1547 enfants retirés de la rue

En 2015, après deux ans d’oubli, le gouvernement a essayé de se ressaisir de la question. Cette fois-ci, c’est le ministère de la Famille et de l’Enfance qui a tenté de retirer de la rue les mômes et leurs tuteurs, moyennant quelques mesures d’accompagnement comme un logement provisoire, des denrées alimentaires et quelques billets de banque. Mais d’aucuns avaient vu dans cette initiative des visées inavouées. Les autorités ont été accusées de chercher à faire plaisir aux Américains qui avaient soulevé la question et y avaient quelque part assujetti l’octroi des fonds du MCA. Quoi qu’il en soit, cette dernière initiative n’est guère plus concluante que l’interdiction formelle. En effet, d’après le Directeur de la protection des droits de l’enfance, après 66 opérations, 1547 enfants ont été retirés de la rue à ce jour. ‘’Pas plus tard qu’hier, 21 ont été ramenés en Guinée Bissau’’, se réjouit Niokhobaye Diouf. Pourtant, il s’agit bien d’une goutte d’eau dans la mer. Car rien dans la rue n’indique qu’un seul enfant a été récupéré. Il est vrai qu’au début des opérations, les enfants avaient disparus, certainement par crainte d’être embarqués. Mais quelques jours après, ils étaient revenus, plus nombreux que jamais.

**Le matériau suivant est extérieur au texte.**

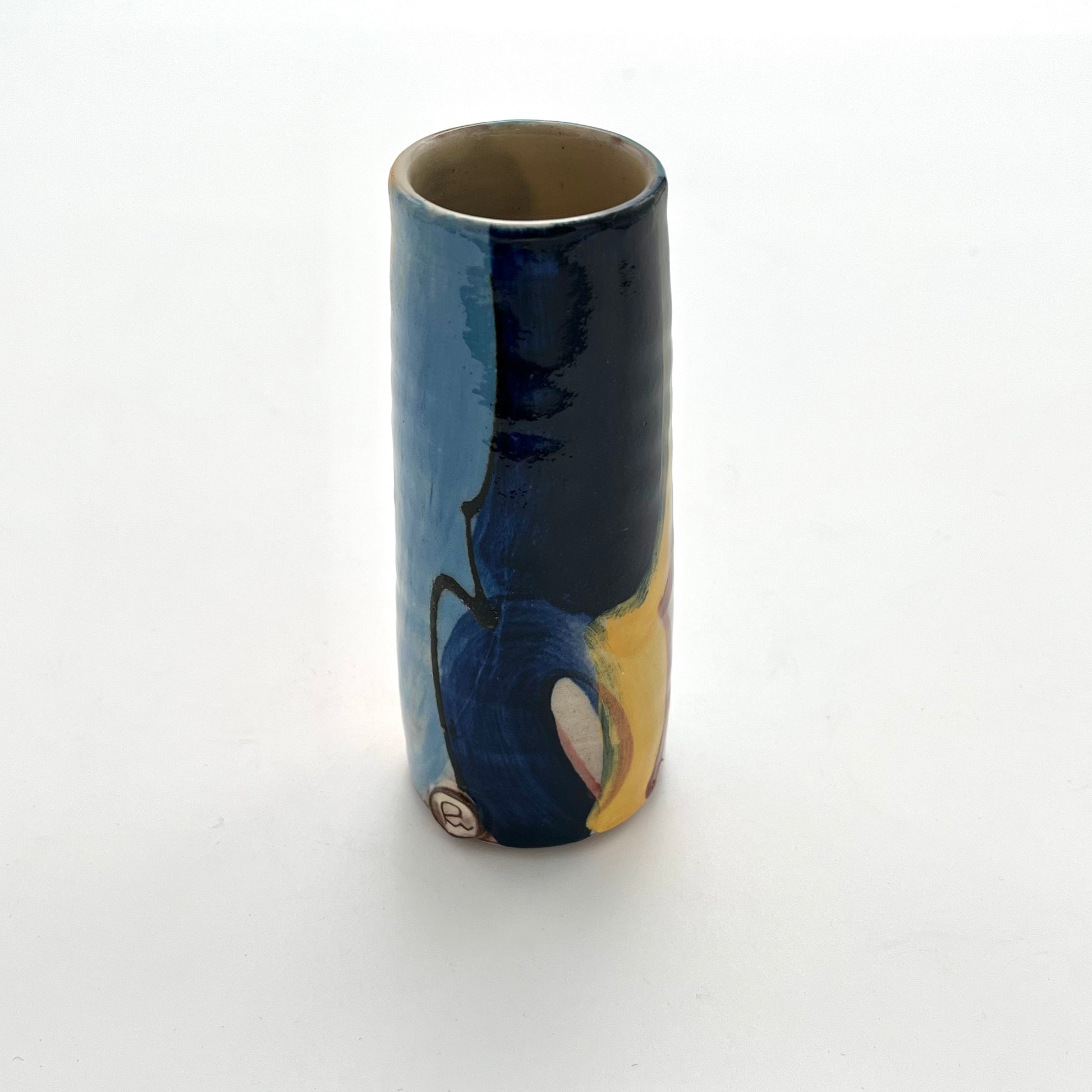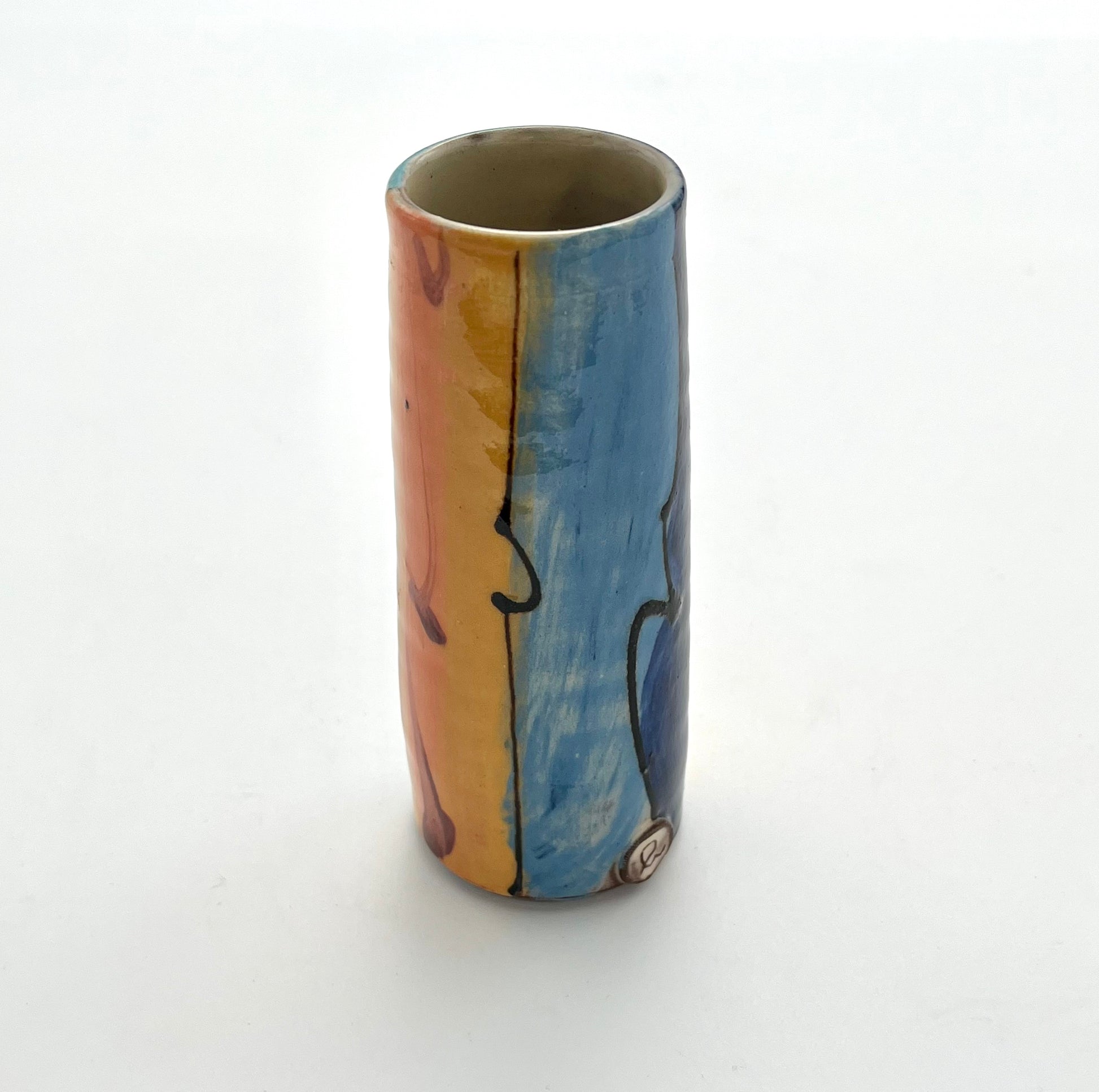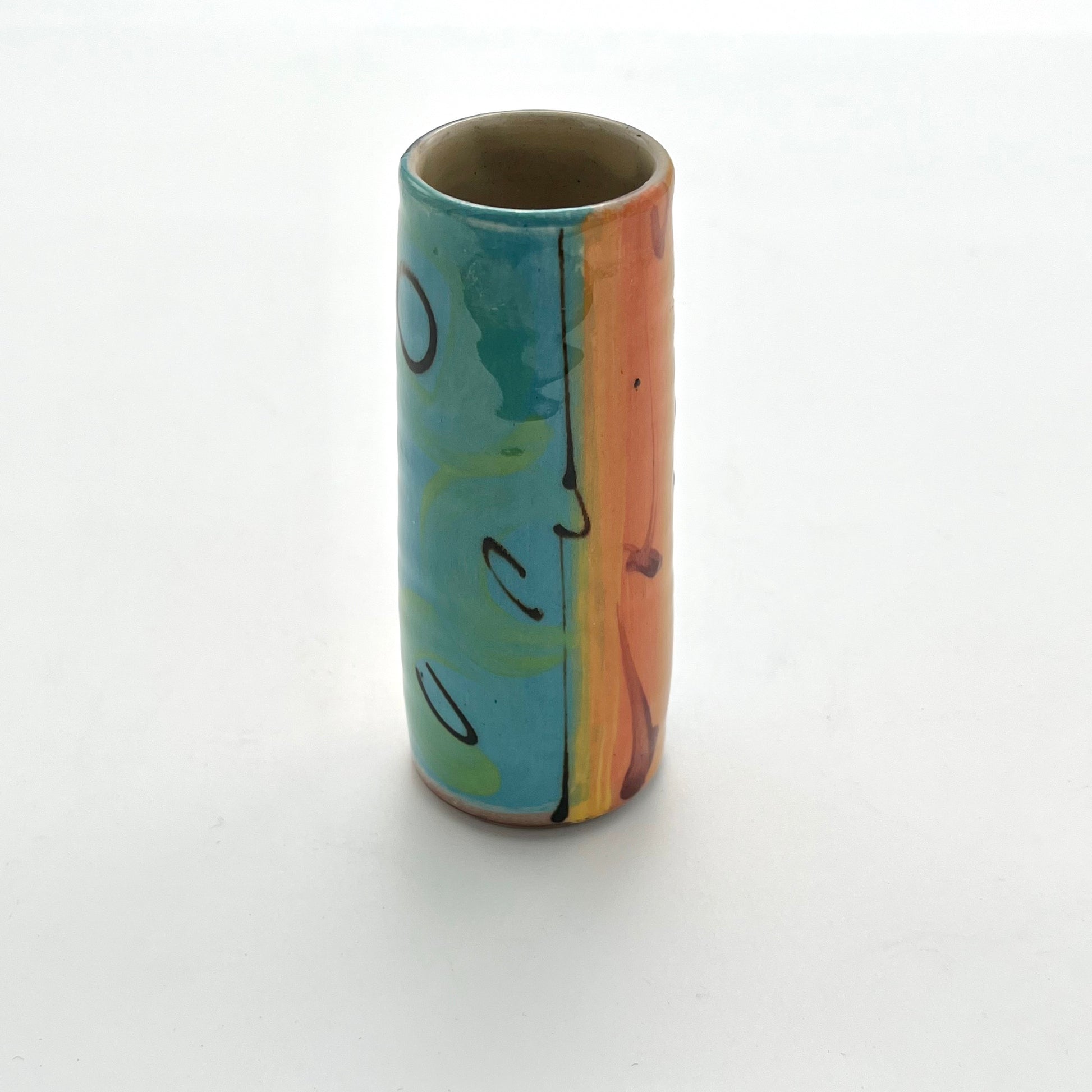 This earthenware bud vase by Richard Wilson is wheel-thrown and decorated with wonderful brightly coloured slips. The gorgeous gestural marks using different brushes create an abstract design, inspired by the ebb and flow of the sea at West Bay.

Toujours au chapitre des incendies, le pavillon vert du Centre international du commerce extérieur du Sénégal (Cices) avait pris feu en décembre 2015. Cheikh Ndiaye le Directeur général de l’institution avait promis de dédommager toutes les victimes. Mais jusqu’à la Fidak suivante, elles n’ont pas été indemnisées. À la veille de la dernière édition, le ministre Alioune Sarr, lors d’une visite de stands en novembre 2016, avait confirmé le DG de la Cices. D’après lui, le Premier ministre a donné des instructions pour que l’affaire soit traitée au plus vite. Et que l’Agent judiciaire de l’Etat, son département et celui des Finances ainsi que le Cices ont eu une réunion dans ce sens. ‘’L’agent judiciaire de l’Etat est en train de suivre avec beaucoup d’attention et toutes les dispositions seront prises dans les prochaines semaines pour que cette question soit évacuée. (…) Encore un peu de patience, l’Etat les accompagnera’’, rassurait-il.

Malgré les mots doux, les sinistrés n’ont pas vu la couleur de l’argent jusqu’à présent. Et il s’en est suivi même une polémique avec les autorités, les commerçants ayant très peu apprécié certaines sorties des tenants du pouvoir. ‘’Nous informons l’opinion publique nationale et internationale qu’après avoir saisi toutes les autorités de ce pays sur ce problème, réclamé pacifiquement et de manière patriotique nos dues, aucun Sénégalais n’a été indemnisé. Toutes les portes nous ont été fermées. On n’a reçu aucune information officielle du Cices ou du gouvernement, encore moins de l’agent judiciaire de l’Etat’’, s’offusquait le porte-parole des sinistrés, Alpha Mamadou Thiam.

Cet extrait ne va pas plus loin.